* Exercise
Beneath this line are entries. Copy the range from the line with "- Chartres (28)" to the line with "Aurora Borealis Shoe", ends included, exactly; leave pictures out.

(Collected data entries)

- - -

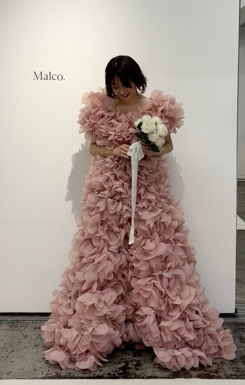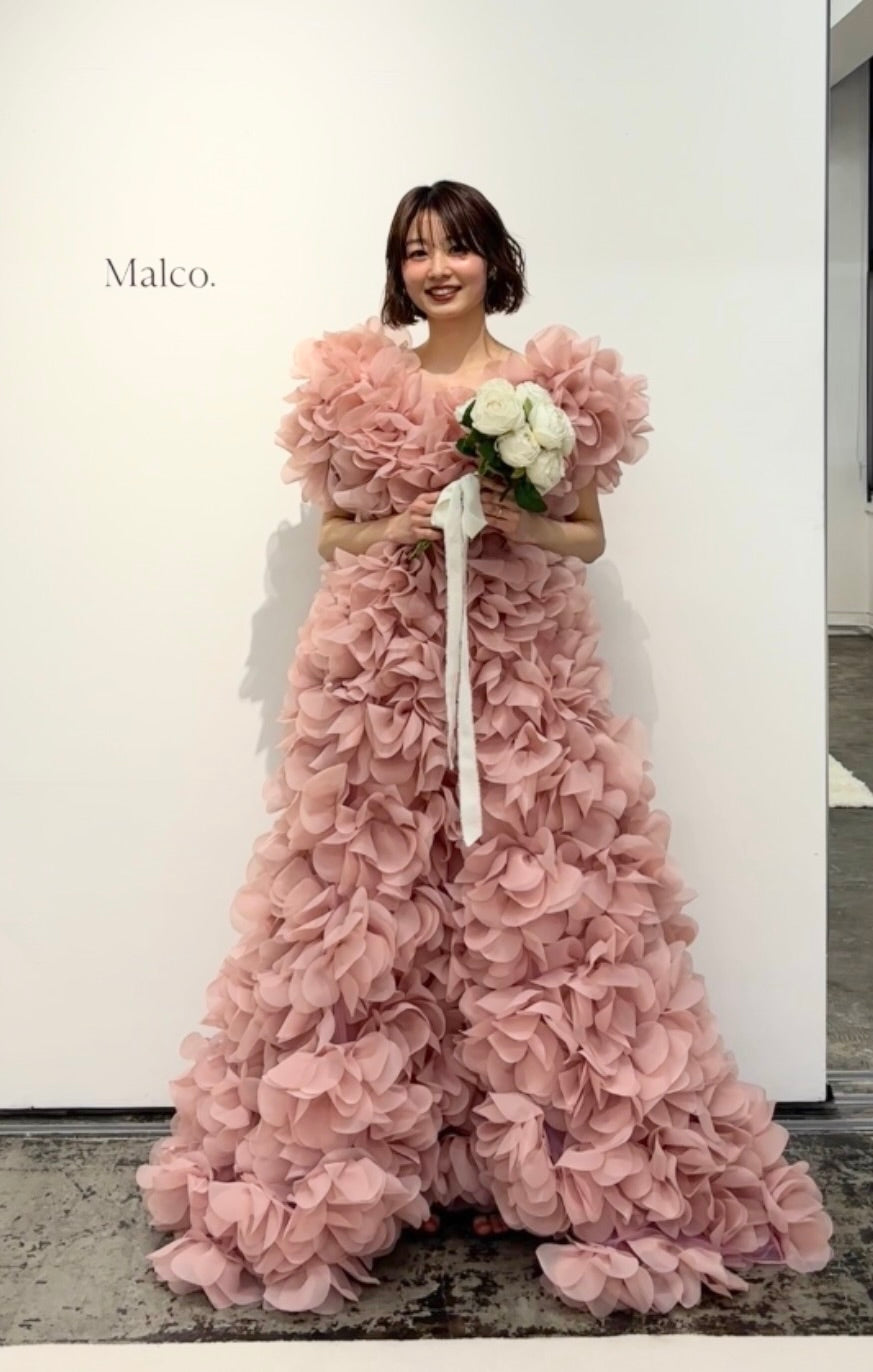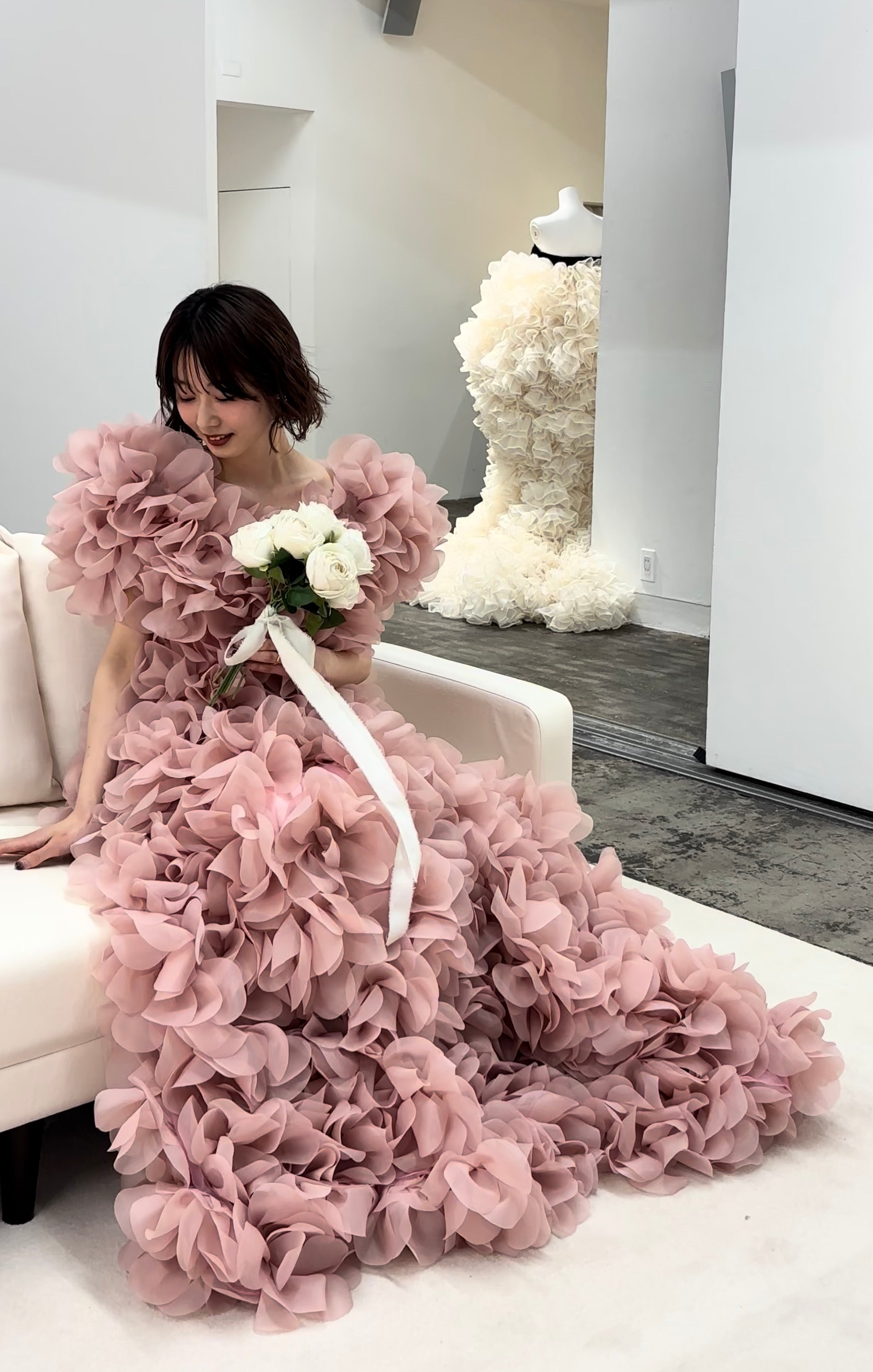 軽やかで透け感のあるオーガンジーを贅沢に用い、立体的なフラワーモチーフで全身を彩った特別な一着。幾重にも重なる花びらが奥行きを生み、動くたびにやわらかく揺れて、花束のような存在感を放ちます。
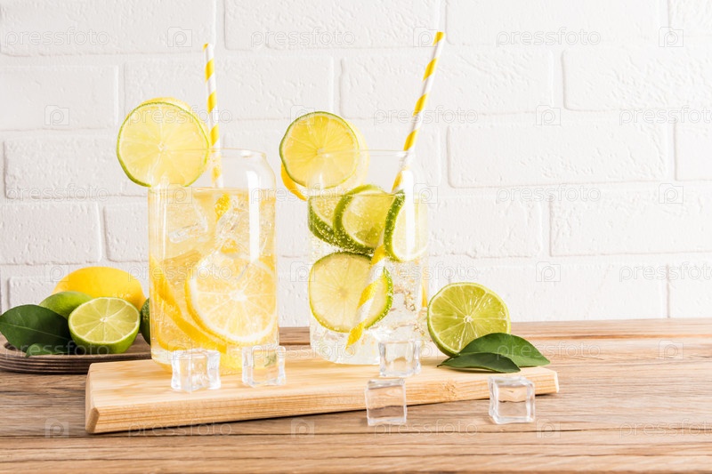Два стакана с освежающим напитком, коктейль или тоник с лимоном и лаймом, кубики льда на деревянном столике напротив стены из белого кирпича
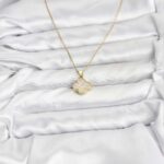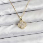 316L Çelik Zincir Gold Renk Zirkon Taşlı Yonca Model Kadın Kolye
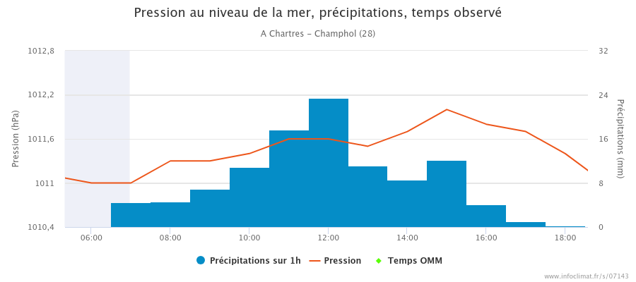 - Chartres (28) : 96.0 mm, nouveau record absolu (ancien record du 8 juillet 1927 : 67 mm)
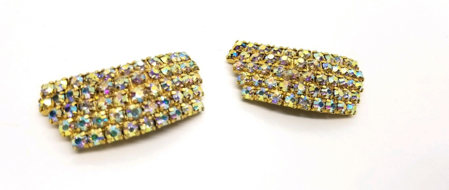 Aurora Borealis Shoe Clips Gold Tone Great Condition
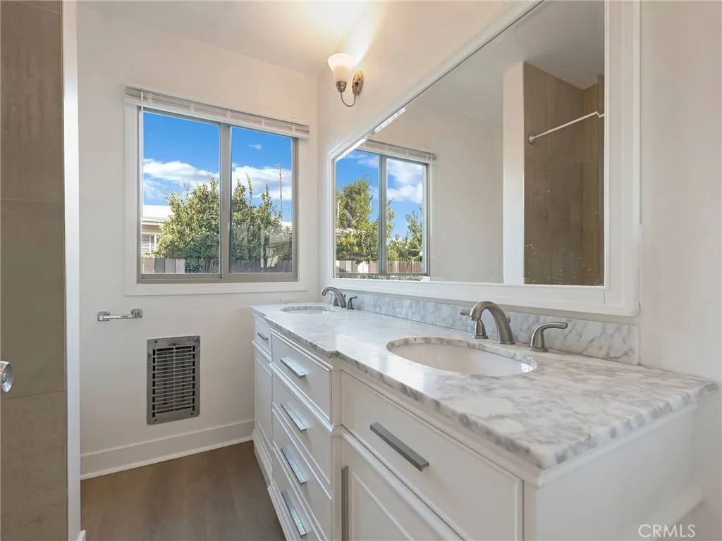 Welcome to 22222 Vanowen Street, a charming and updated home in Woodland Hills. This 5-bedroom, 2-bath residence offers approximately 1,800 sq ft of living space, featuring luxury vinyl flooring, white shaker cabinets, Calacatta quartz countertops, and stainless steel appliances. Situated on a lot with two homes, this is the main residence, with a separate unit located at the rear. The home includes central heating and air, with uncovered rear parking via alley access and additional street parking. Tenant pays all utilities. Pets considered upon submission. Conveniently located near shopping, dining, and public transportation. Ready for immediate move-in.
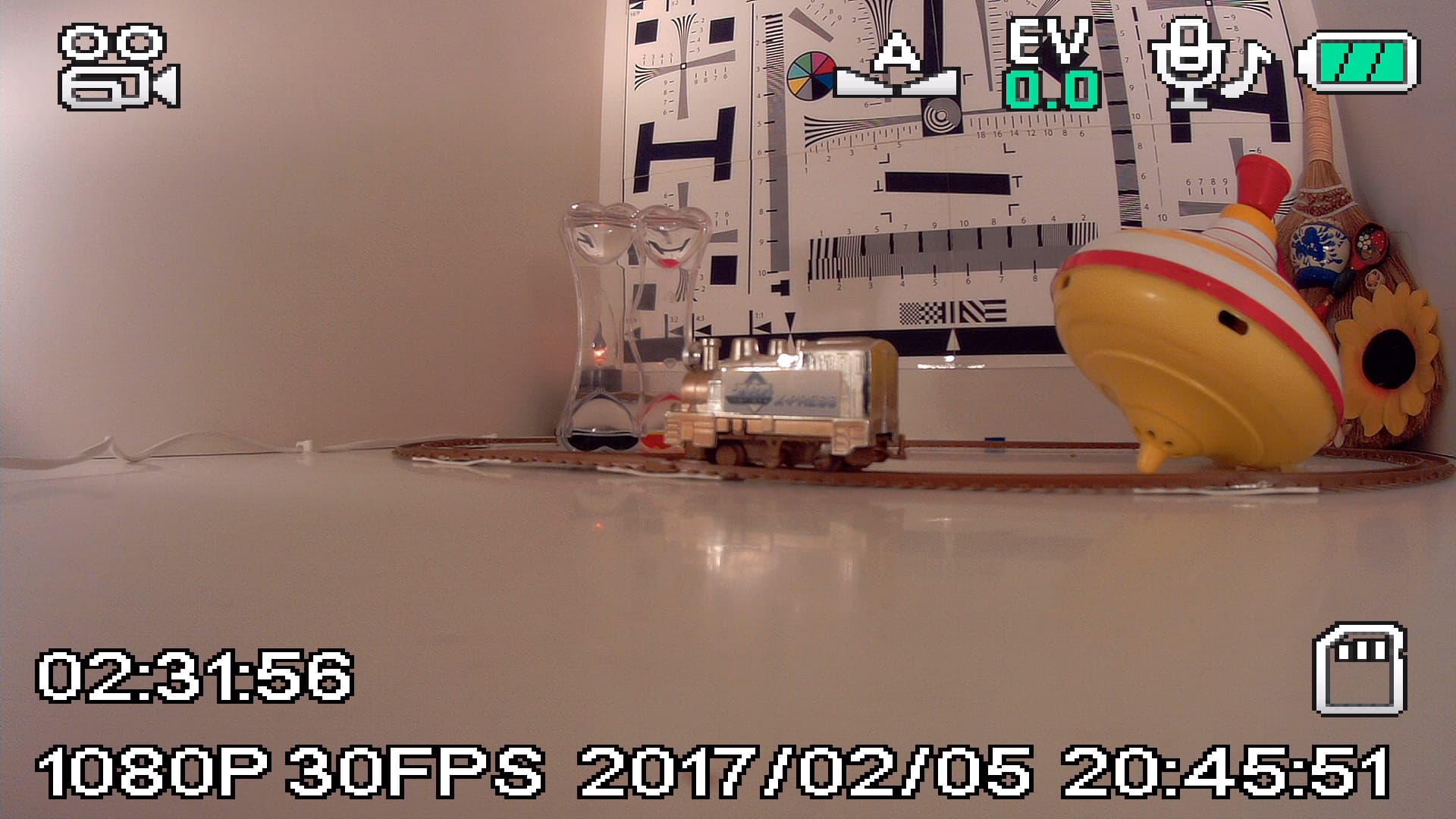 Из «ночной» видеозаписи, представленной выше, нетрудно представить возможности камеры при съемке в условиях недостаточной освещенности. Да, все миниатюрные камеры предназначены лишь для съемки с максимально возможным количеством света. Стоит уровню освещенности понизиться — в кадре тут же появляется значительный шум, разрешающая способность падает. Рассматриваемый аппарат имеет настройку, которая по идее должна увеличивать чувствительность камеры. Но при таких размерах оптики сделать это можно, только задрав усиление. А вместе с ним приходит тот самый упомянутый шум.
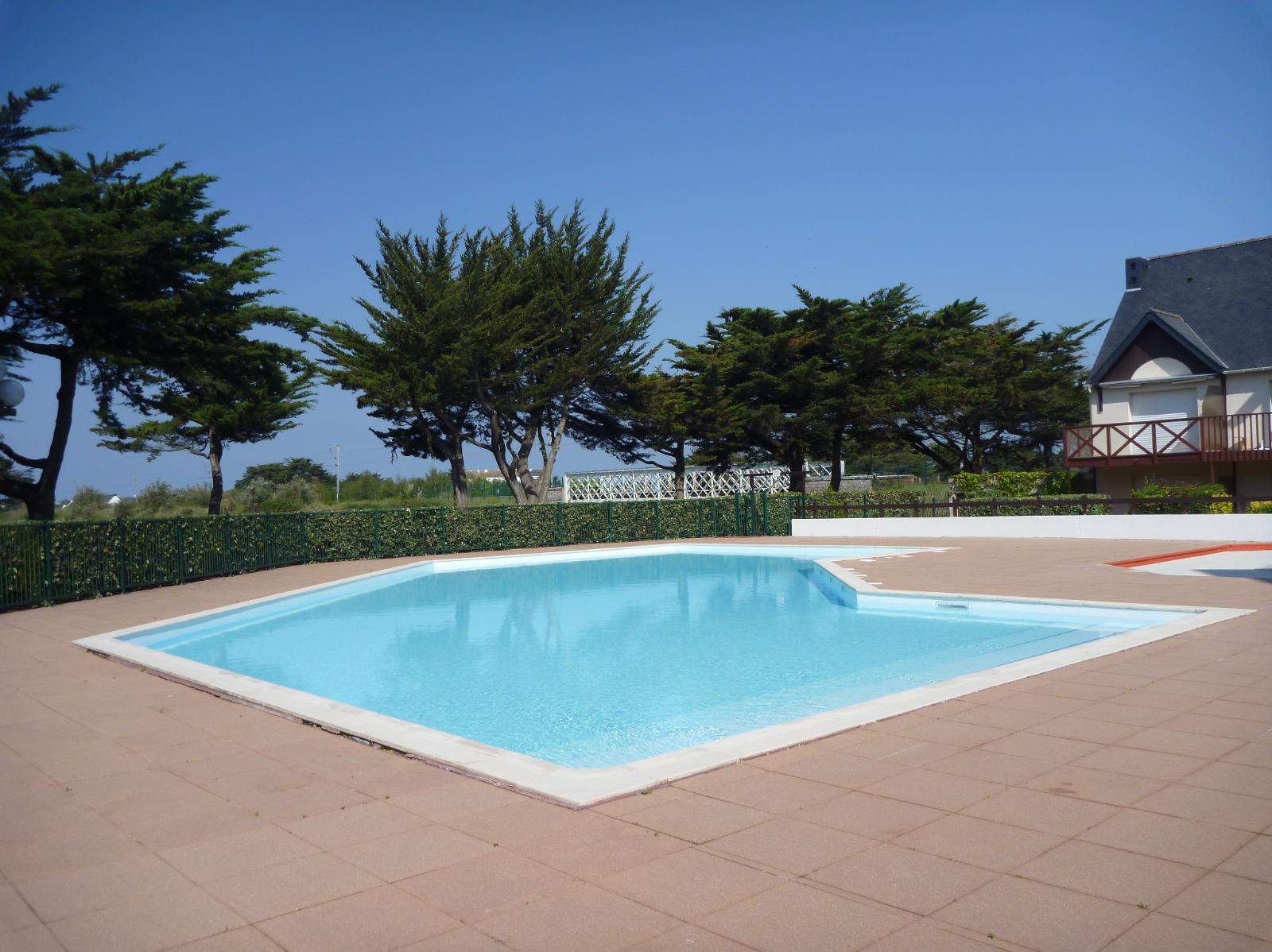 In holiday village with swimming pool 800m from the beach.

- - -

* Result of the exercise
 - Chartres (28) : 96.0 mm, nouveau record absolu (ancien record du 8 juillet 1927 : 67 mm)
 Aurora Borealis Shoe Clips Gold Tone Great Condition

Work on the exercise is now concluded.